Jika ia telah ditahbiskan penuh (upasampanna), lebih besar lagi.

Jika ia adalah bhikkhu yang berkelakuan benar dalam kehidupan monastik, lebih besar lagi.

Jika ia seorang vipassaka (yang melatih wipassanā), lebih besar lagi.

Jika ia telah mulai mencapai tahap-tahap vipassanā, lebih besar lagi.

Dan pada tahap tertinggi, yaitu ketika seseorang telah berada dalam magga (jalan) menuju pencapaian buah sotāpanna, maka itu disebut sotāpattiphalasacchikiriyāya paṭipanno.

Persembahan kepada orang seperti itu akan menghasilkan buah yang sangat besar dan tertinggi.

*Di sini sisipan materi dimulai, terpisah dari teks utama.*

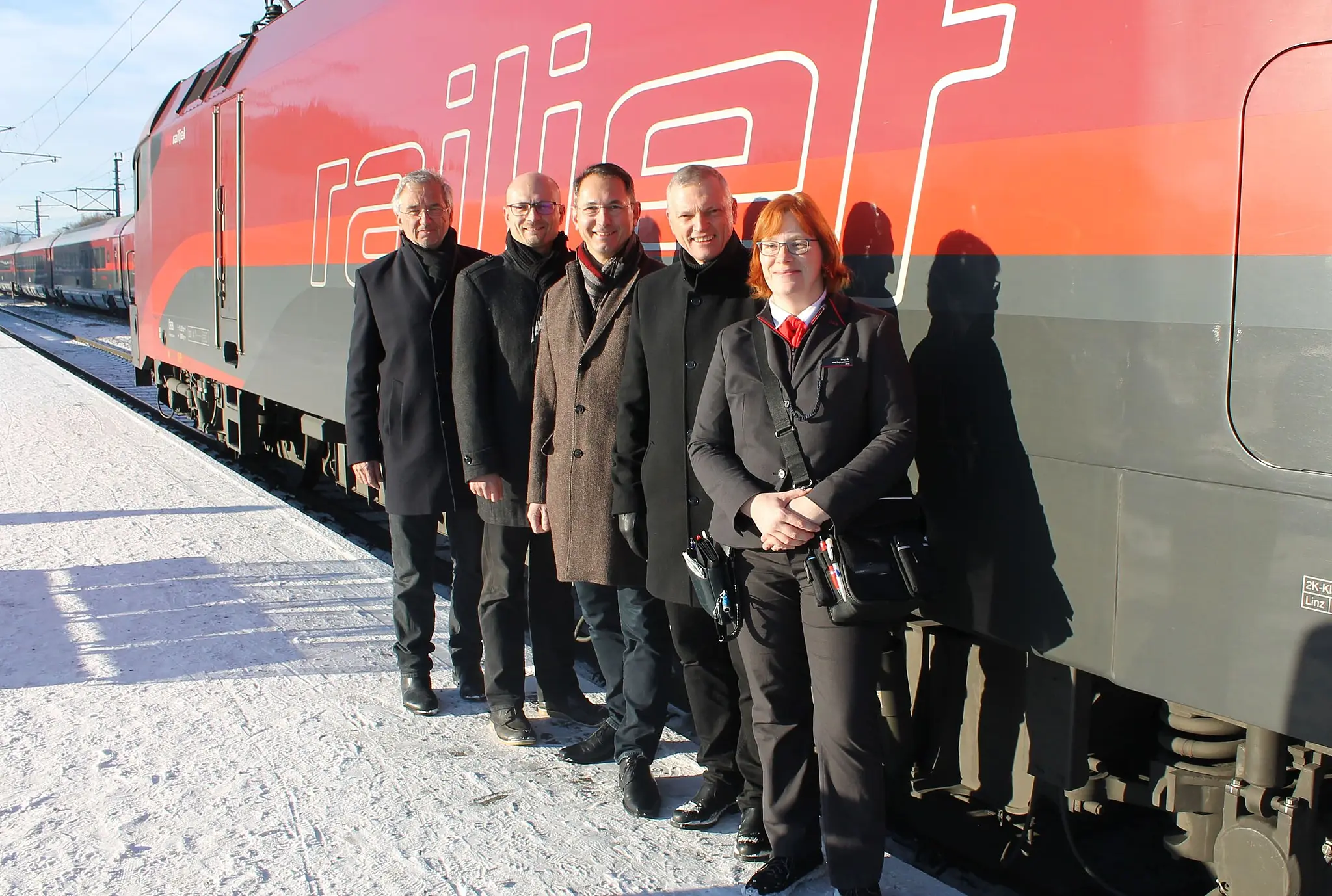 Neumarkts Bürgermeister Adi Rieger (ÖVP), Bürgermeister a.D. Emmerich Riesner, Landtagsabgeordneter Josef Schöchl (ÖVP) und ÖBB-Regionalmanager Christian Spanner begrüßten einen der ersten Railjets am Sonntagvormittag. „Der Ausbau des Bahnhofs Neumarkt-Köstendorf“ zum Knotenbahnhof sowohl für den Fern- und Nahverkehr bringt einen echten Mehrwert für die Menschen in der Region, die so noch stärker zum Umstieg auf den öffentlichen Verkehr bewogen werden können“, sind sich Rieger und Spanner einig.

Apakah mungkin memberikan persembahan kepada orang yang sedang berada dalam magga (jalan pencerahan)?

Ya, mungkin.

Contohnya:

Seorang āraddhavipassaka (yang sedang dalam tahap wipassanā awal) berjalan membawa mangkuk dan memasuki desa untuk berpindapatta.

Saat ia berdiri di depan pintu rumah seseorang, dan orang itu memberikan makanan ke dalam mangkuknya — pada saat itulah, dalam sekejap, bhikkhu itu mengalami kemunculan magga-citta (kesadaran jalan).

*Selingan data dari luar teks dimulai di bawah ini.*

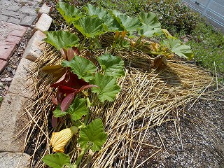 かぼちゃの葉の下に藁ひくと良いのよと職員が教えてくれて

Maka dana itu disebut sebagai persembahan kepada orang yang sedang berada dalam jalan pencerahan (maggasamaṅgī).

Atau, jika ia sedang duduk di aula makan, dan seseorang datang dan menaruh makanan di mangkuknya — dan pada saat itu muncul magga-citta — maka itu juga merupakan persembahan kepada maggasamaṅgī.

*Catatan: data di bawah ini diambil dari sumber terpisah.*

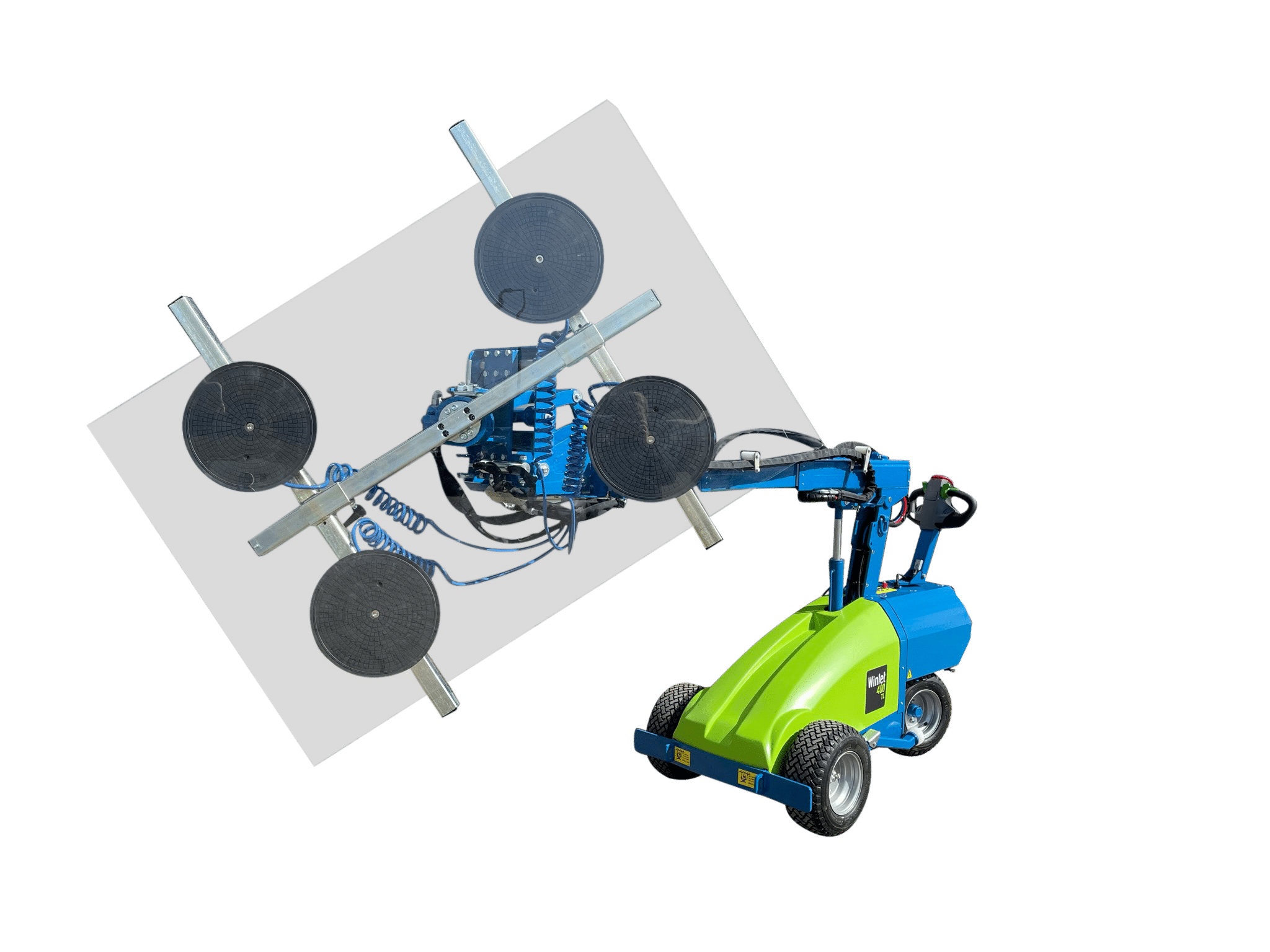Benötigen Sie einen besonders stabilen und geländegängigen Glaslifter mit größerer Reichweite, einer Hubkapazität bis zu 415 kg und hydraulische Drehung des Liftkopfs? Dann sind Sie hier richtig.

Atau, jika para upāsaka mengambil mangkuknya dan membawanya ke rumah mereka untuk diisi makanan, dan pada saat mereka memberikannya kembali terjadi magga-citta, maka itu juga dihitung sebagai persembahan kepada maggasamaṅgī.

Analogi:

Sebagaimana setetes air di sungai Soṇḍi mengalir dan menyatu dengan lautan,

Demikian pula persembahan yang diberikan kepada orang yang berada di jalan menuju buah Sotāpatti tidak bisa diukur atau dihitung banyaknya buahnya.

Sebagaimana air di berbagai sungai besar dan samudera — demikian pula persembahan kepada para Ariya (Sotāpanna dan seterusnya) memiliki hasil yang tak terhingga, masing-masing lebih besar dari sebelumnya.

Atau seperti segenggam debu dari satu sudut bumi dibandingkan seluruh debu di bumi — demikian pula tidak terhitungnya buah dari persembahan tersebut dapat dijelaskan.